Como é que a adolescência da sua filha a confronta com aquilo que foi a sua própria adolescência?
Acho que é inevitável fazermos comparações e sinto que repito muitas vezes a questão de ser importante que ela dê valor à vida que tem, ao conforto que tem, às condições que lhe proporcionamos, em contraste com todas as histórias reais que lhe conto. Tanto enquanto Embaixadora da Boa Vontade, do Fundo das Nações Unidas para a População (UNFPA), como quando vou fazer os programas Príncipes do Nada para os países em desenvolvimento. Ou através dos exemplos das jovens que são atendidas na minha Associação Corações Com Coroa (CCC), bolseiras CCC. No entanto, acho que esta geração tem um nível de pressão social que a nossa não tinha de forma tão elevada. O que resulta em muita ansiedade e stresse, por sentirem que têm já de provar tudo. O conceito de sucesso anda a pairar demasiado cedo e demasiadas vezes nas suas cabeças. Acho que antes eram os sonhos e a capacidade de sonhar que falavam mais alto e, hoje em dia, é mais o sucesso e a capacidade de o conquistar que domina os dias dos adolescentes.
Como é que se aprende a ser mãe de uma adolescente e quais são aqueles desafios que, apesar de toda a experiência, ainda a deixam com dúvidas sobre se está ou não a fazer o melhor para si e para a sua filha? Para saber a minha resposta a essa pergunta, aconselho a leitura do meu livro.

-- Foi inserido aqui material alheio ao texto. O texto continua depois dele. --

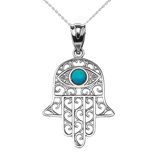 -. Feature : Hamsa Hand With Turquoise Evil Eye pendant necklace / faithfully handcrafted in Sterling Silver in fine polished finish / comes with free special gift packaging / made in the USA yet offered at factory direct jewelry P.R.Ice / ships from the manufacturer directly to the customers

Em que momentos é que se sente mais segura no seu papel de mãe de uma adolescente?
Em muitos momentos. Mas, seguramente, sempre que assisto ao espírito de solidariedade e proteção que existe entre os irmãos. Em que momentos é que a sua filha adolescente a exaspera? Quando me responde com modos pouco educados, com a aborrescência ao rubro, o que me faz saltar a frase de que não me orgulho: “Não andamos na mesma escola!!!”. Desta fase da adolescência, que memórias pensa que vai guardar da sua filha? A primeira vez que me mostrou os pelos a crescerem e que se queixou que as maminhas não cresciam à mesma velocidade das das amigas. São momentos absolutamente deliciosos. Como ainda não teve a menstruação, acho que essa ocasião também vai ser inesquecível e irei copiar o que o meu pai me fez nesse dia tão especial: deixou-me na casa de banho um bilhete a dizer “parabéns” com uma rosa.
O que é que pensa que a sua filha adolescente esconde de si? Não penso.
Numa palavra, como descreveria a sua relação com a sua filha? Maravilhosa.
OS FILHOS NÃO SÃO NOSSOS, ESTÃO SOB A NOSSA ALÇADA E PROTEÇÃO, O QUE QUER DIZER QUE DEVEMOS CONTRIBUIR PARA QUE SEJAM REALIZADOS OS SEUS DIREITOS.